Workers in various occupations experience an increased risk of salivary gland cancer (47). For women employed as hairdressers or working in beauty shops, a significant elevated risk was observed in a study by Swanson and Burns (98). A correlation of incidence with ultraviolet exposure remains controversial (97,98).
Women with salivary gland cancer may have a 2.5 elevated breast cancer risk (50), probably confined to women with salivary gland cancer before age 35 (97). After treatment for salivary gland cancer, an increased risk for subsequent oropharyngeal, thyroid, and lung cancer is noted (97).
Natural History
Local invasion is the initial route of spread of malignant tumors of the salivary glands, depending on location and histologic type. For parotid tumors, this may result in fixation to structures in around 20% of cases (75). Skin invasion is more often seen in parotid tumors (10%), compared with submandibular tumors (3%) (101).
Approximately 25% of patients with a malignant parotid salivary gland tumor present with facial palsy from cranial nerve invasion (31,75,93,100,105).
A detailed study of the Dutch Head and Neck Oncology Group (NWHHT) concerning patients with a salivary gland malignancy found an overall incidence of clinically positive nodes of 14% and clinically occult, pathologically positive nodes in an additional 11% of patients (101). This percentage depends on the number of neck dissections performed, the tumor location, histology, and T-stage. The number of elective neck dissections performed varies between the tumor locations. Stennert et al. (94) performed a neck dissection in all malignant parotid tumors and found 53% unilateral positive nodes and 0% contralateral nodes. In selected patients in other studies, the percentage positive nodes varied between 20% (115) and 38% (100). Lymph


node involvement for parotid malignancies, combining clinical and pathologic information, is around 25% (10,62,79,100,105). Resection of submandibular tumors is combined with a (partial) neck dissection in most cases. Pathologic neck nodes may be seen in up to 42% of cases (100). Salivary gland tumors arising in the oral cavity produce an incidence of cervical node metastases of less than 10% (57,65,74,100). Nasopharyngeal salivary gland tumors have a high risk of occult metastases (50%) (85). The risk of positive findings in the neck may be based on a combination of T-stage and histology (79,100). The highest risk is seen for squamous cell, undifferentiated cancer, and salivary duct cancer (79,100). There is an intermediate risk for mucoepidermoid cancer and a low risk for acinic cell, adenoid cystic carcinoma, and carcinoma ex pleomorph adenoma (100). A 15% risk is found for T1 tumors, 26% for T2, and 33% for T3–4 (100). An example of a rating scale to estimate the risk of positive neck nodes, based on tumor location, T-stage, and histologic type, is shown in Table 40.1.

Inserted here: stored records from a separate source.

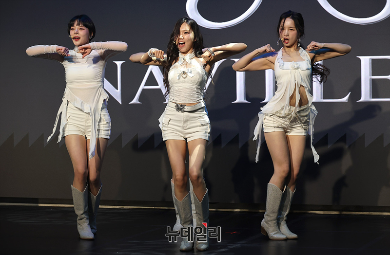 신인 4인조 걸그룹 나빌레라(NAVILLERA, 애니, 릴라, 멜로디, 사야)가 3일 오후 서울 마포구 아스트라라이브에서 열린 데뷔 싱글 'NO LIMIT(노리미트)' 쇼케이스에서 수록곡 무대를 선보이고 있다.데뷔 싱글 No Limit는 정해진 끝이 없는 우리의 비행이라는 의미를 담고, 어반 댄스 특유의 그루브 리듬과 나빌레라만의 독보적인 퍼포먼스가 특징이다.'스스로 설정한 한계를 뛰어넘어 더 높은 곳으로 나아가겠다는 의지'를 담은 이번 앨범은 멈추지 않는 성장을 시각화한 듯한 역동적인 사운드로 표현한다.나빌레라는 팬쇼케이스를 통해 다양한 활동을 계획하고 있다.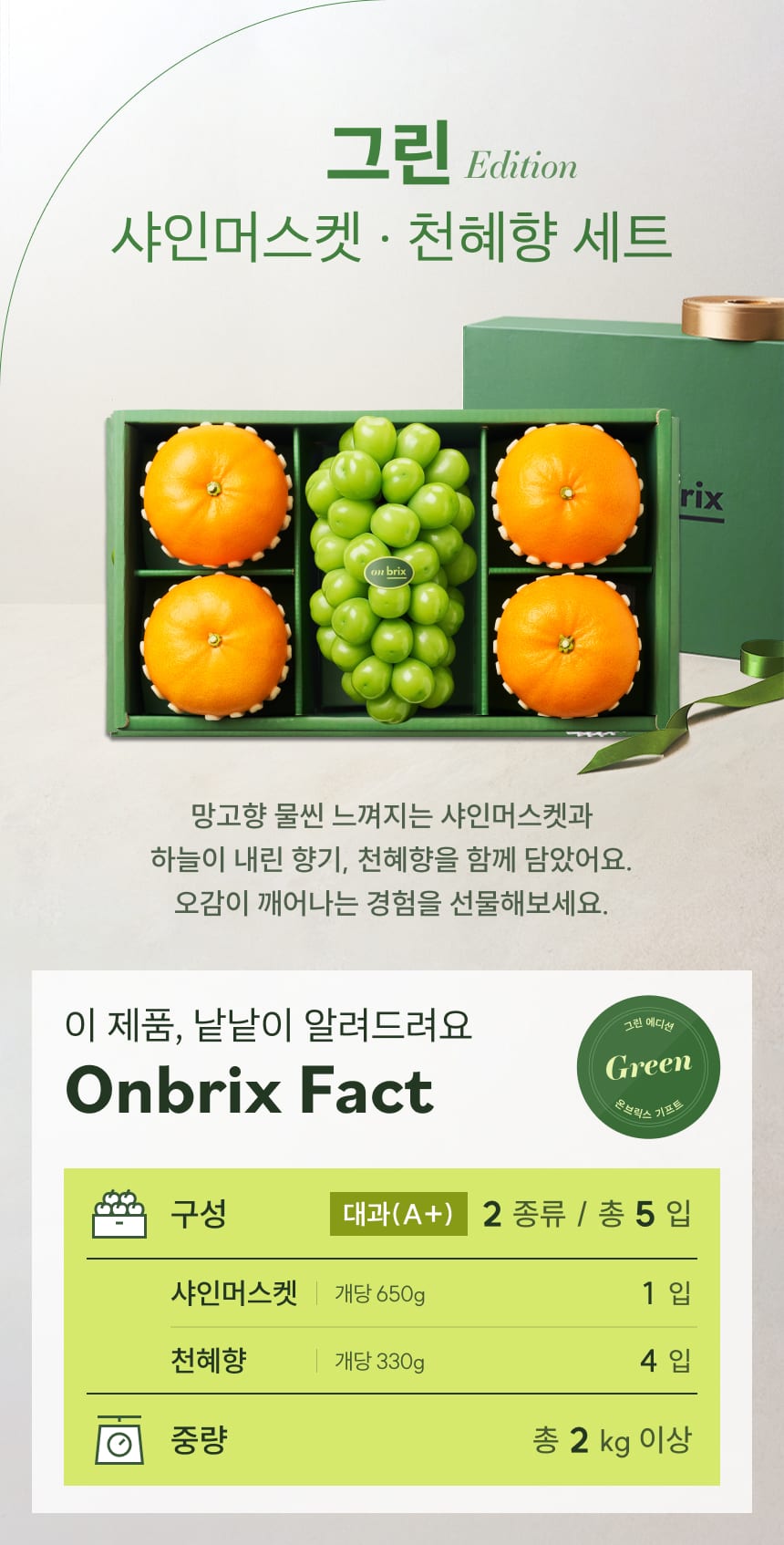 123 [설 선물] 그린 에디션, 프리미엄 샤인머스켓&천혜향 선물세트 2kg이상(5입)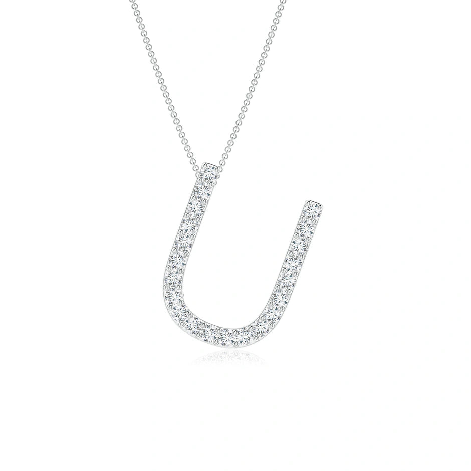 This Lab-Grown Prong-Set Diamond Capital "U" Initial Pendant features ethically sourced diamonds expertly set to highlight the letter's elegant design. Crafted with precision, it offers a sustainable alternative to mined diamonds without compromising brilliance or quality. Ideal for personalized gifting or adding a refined touch to your jewelry collection, this pendant combines modern craftsmanship with timeless style.

Distant metastases overall are encountered in 3% of patients at presentation and in 33% after 10 years (101). They are fairly common with adenoid cystic, salivary duct, squamous cell, and undifferentiated carcinomas; in the case of adenoid cystic carcinomas, they may occur quite late in the course of the disease, without recurrence of the primary tumor (42,52,74,92,101). Distant metastases are primarily to lung, bone, and occasionally to the liver (101). Reported incidence of distant metastases in patients with adenoid cystic carcinoma after 10 years of follow-up is around 40% (64,92,101). Five years after diagnosis of distant metastases of adenoid cystic carcinoma, more than one third of the patients are still alive; 10% are alive after 10 years. An update of the survival data of the NWHHT study after diagnosis of distant metastases of salivary gland cancer is shown in Figure 40.3.
Clinical Presentation
Three of four parotid masses are benign (93). Patients most often have a painless, rapidly enlarging mass, often present for years before a sudden change in its indolent growth pattern prompts the patient to seek medical attention. Duration of clinical symptoms before diagnosis may last more than 10 years (93,101). For malignant tumors, the median duration of clinical symptoms generally is shorter (3 to 6 months) (9,101) compared to that of benign tumors, although for some minor salivary gland tumors, median periods of 2 year have been reported (65,85).
Pain is more frequently associated with malignant disease (93). Although as many as one third of parotid cancers may have facial nerve involvement, only 10% to 20% of patients complain of pain (75,93,101). Pain may appear with involvement of deeper structures (masseter, temporal, and pterygoid muscles). Rarely, tumors of the parotid may involve the base of skull and cause intractable pain and paralysis of various cranial nerves.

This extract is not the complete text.